Aim of the task:
Please keep the pictures out and write out exactly the lines from the first in the data below through the one containing "950 Million subscribers", both included.

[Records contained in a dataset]
►

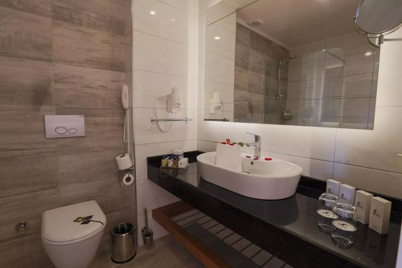 Camerele sunt dotate cu o baie privată echipată cu duș. Pentru confortul dumneavoastră, veți găsi papuci și produse de toaletă gratuite.
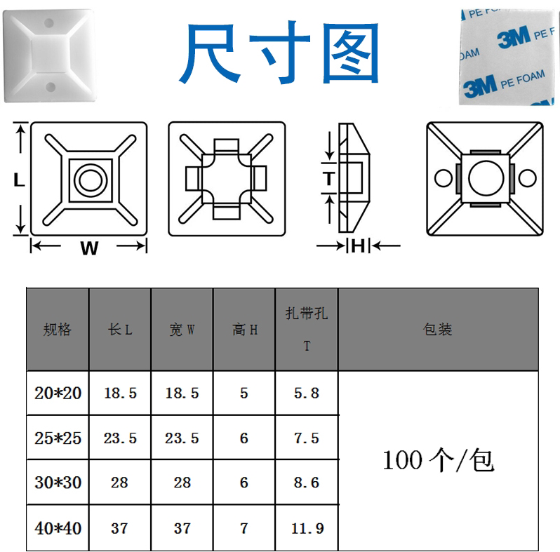 Super sticky force suction cup positioning sheet self-adhesive zahled wire with fixed seat 3M glue imported double-sided adhesive 25 * 25 wire buckle
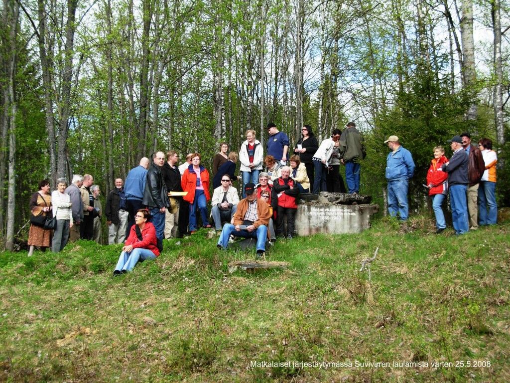 Valkovuokkomatkalaiset valmistautuvat veisaamaan perinteisen suvivirren kirkon portailla 25.5.2008. Kuva Unto Kortelainen.
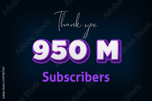 950 Million subscribers celebration greeting banner with Purple 3D Design
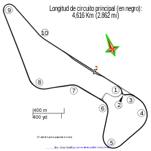 Autódromo Ciudad de Nueve de Julio - Guillermo Yoyo Maldonado is a 4.649 km (2.889 mi) circuit located in Nueve de Julio, Argentina.[1][2] It has hosted national events, such as TC2000 Championship, Top Race V6 and Turismo Nacional. On the 50th anniversary of circuit, the circuit was renamed as Autódromo Ciudad de Nueve de Julio - Guillermo Yoyo Maldonado as a tribute for native racing driver Guillermo Yoyo Maldonado.[3]
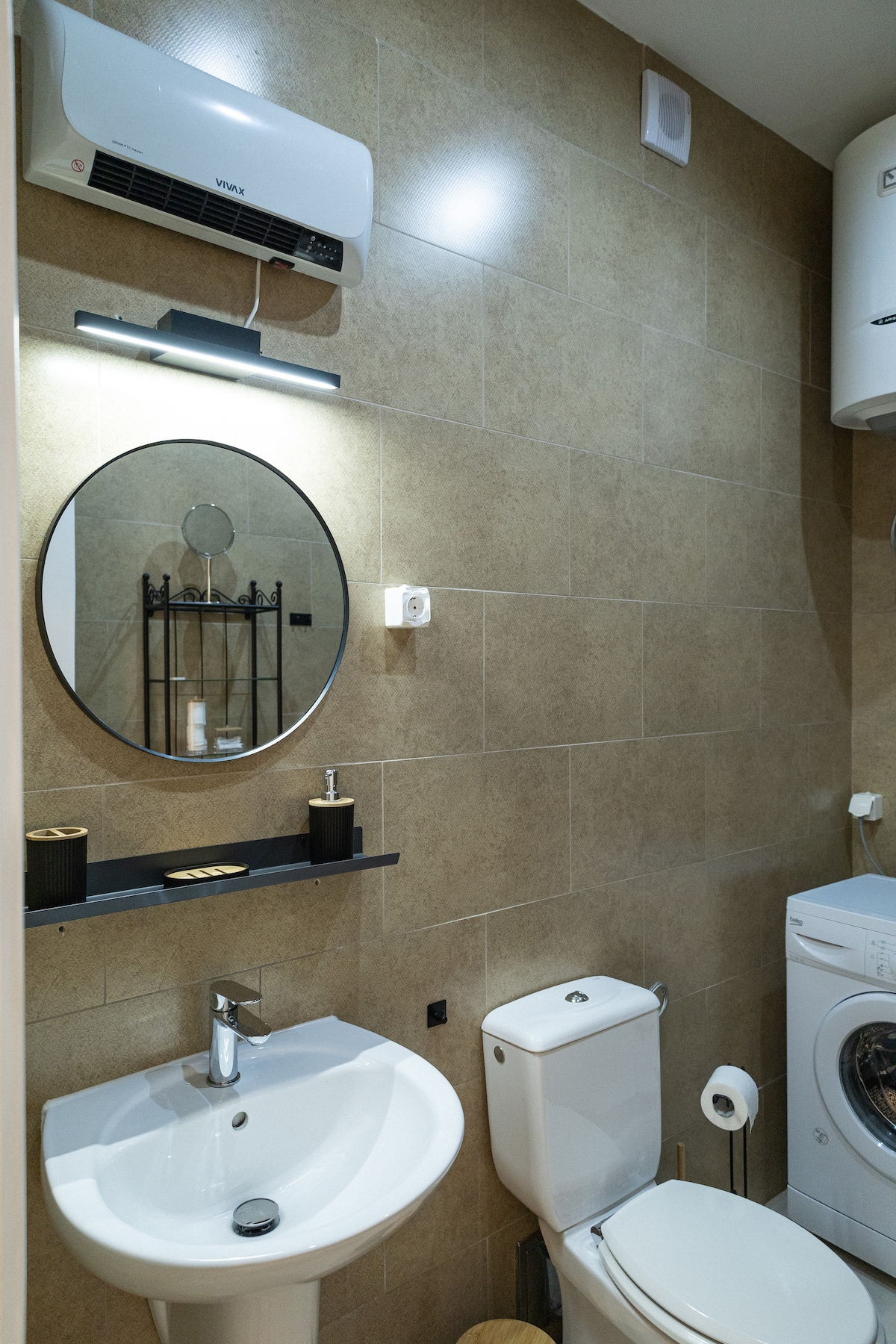 Apartament lluminós i espaiós situat darrere de l'estació principal d'autobusos al centre de Budva. L'apartament forma part d'un nou edifici residencial, és elegant i modern. A 10 minuts a peu de la costa del mar i a 10 minuts a peu del casc antic. A prop hi ha molts mini mercats i supermercats. Tens molts restaurants, llocs de menjar ràpid, tot el que necessites per gaudir d'una bona estada es troba a la zona del condomini. Internet és molt bo, 300/30 Mbps perfecte per a nòmades digitals i videollamades.
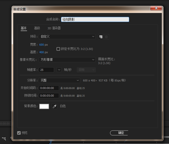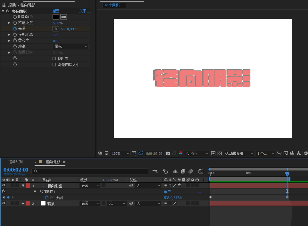 1、打開AE軟件,命名徑向陰影,調(diào)整相應的參數(shù)。
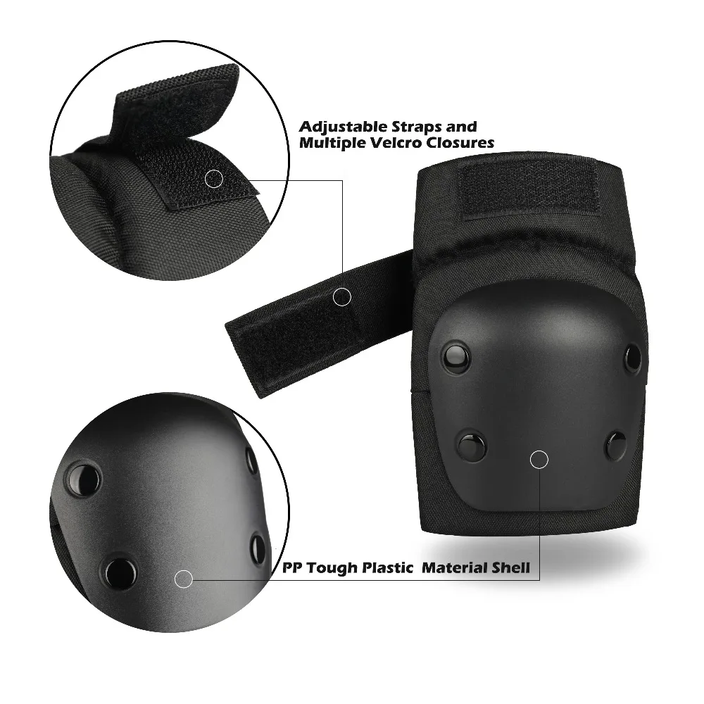 1.Make of durable PP  material shell and High-density thick EVA cushion with tough plastic plates, Anti-shock, wear-resistant,give you great protection for knee, elbow and wrist
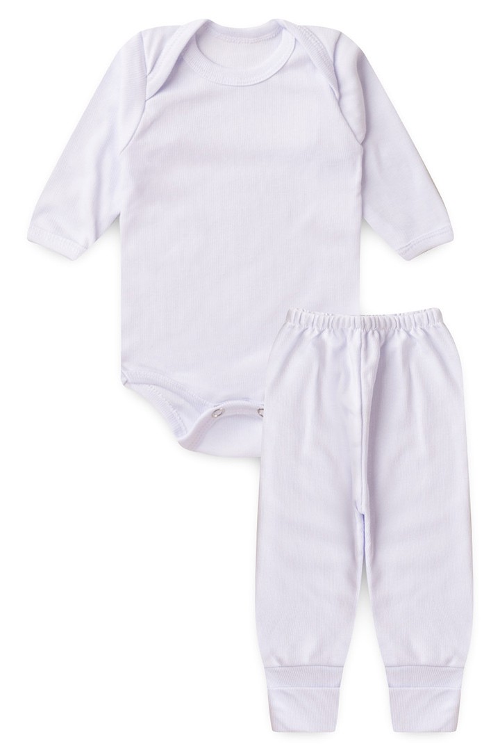 Conjunto Pagão Bebê Body Longo e Mijão Vira-Pé Canelado Branco (RN/P/M/G) - Top Chot
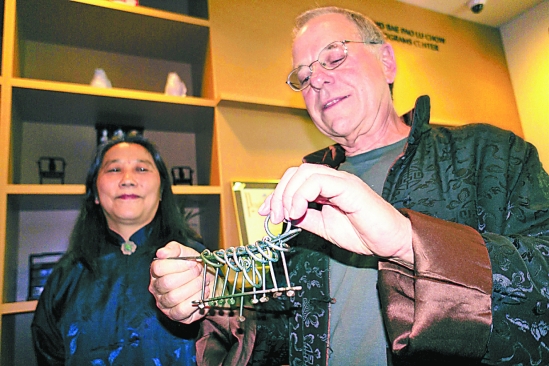 在美国纽约的美国华人博物馆,收藏者在“中国传统益智游戏展”上演示九连环。
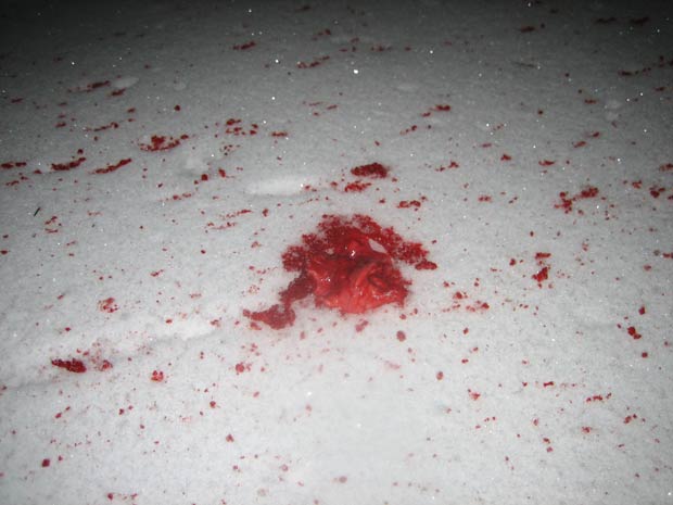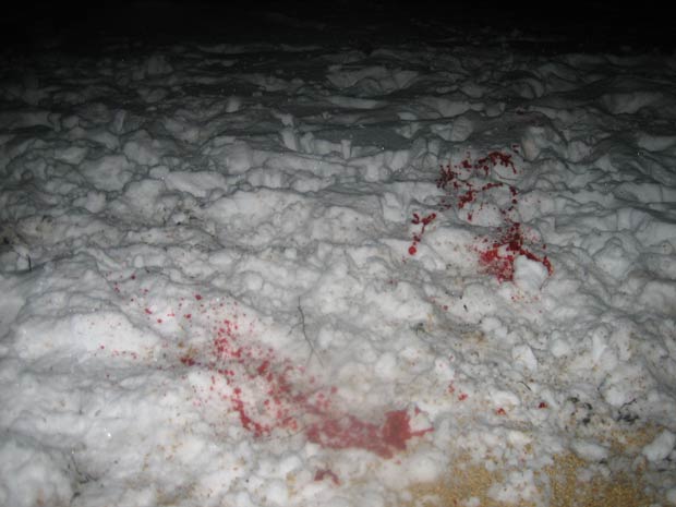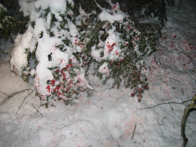 Publicerat Mars 24, 200818 yr Sköt en liten nasse nu ikväll. Vägde sådär 45 kilo levande. Var en rejäl galt framme precis efter jag satt mig vid 18.00. Såg ut till o vara en 150+ nånting. J-klar va maffig han var och extremt försiktigt, skymtade rejäla betar också. Faen att det inte är tid för sådana nu, men hans tid kommer nog va de lider. Han stack ganska omgående, varför vet jag inte. Behövdes nog inte mycket för att en gosse i hans kaliber ska ana ugglor.. Sen kom en råget som skulle smaska lite gottis också, men när hon så flydde fältet så trodde jag först att galten var på väg fram igen men det visade sig vara 2 suggor o 2 årsgrisar. Efter en liten stund så var den minsta fri och skottet gick 18.45. Såg att den jag sköt på drog iväg åt annat håll än de andra tre. Skottplatsen såg ut såhär. 3 m bort i löpan låg denna bit. I skogskanten så hade blod stänkt långt upp på grenarna. Fasen va det ser ut på snön. Ett perfekt tillfälle att låta unghunden göra sitt första staplande dödsök.. Filmade lite och klippte ihop det till följande filmsnutt. Film på dödsöket Ser väl inte sådär tokigt ut men ni ska veta att hon tyckte det var skitläskigt tills vi var framme vid gyltan. Nu är hon inte mer än 9-10 månader, född 1 juni så vi är nog i värsta ”spökåldern” än. Men som jag lärt känna henne så lär nästa dödsök gå 100 % bättre.. får vi hoppas

◄

Task response:
 Camerele sunt dotate cu o baie privată echipată cu duș. Pentru confortul dumneavoastră, veți găsi papuci și produse de toaletă gratuite.
 Super sticky force suction cup positioning sheet self-adhesive zahled wire with fixed seat 3M glue imported double-sided adhesive 25 * 25 wire buckle
 Valkovuokkomatkalaiset valmistautuvat veisaamaan perinteisen suvivirren kirkon portailla 25.5.2008. Kuva Unto Kortelainen.
 950 Million subscribers celebration greeting banner with Purple 3D Design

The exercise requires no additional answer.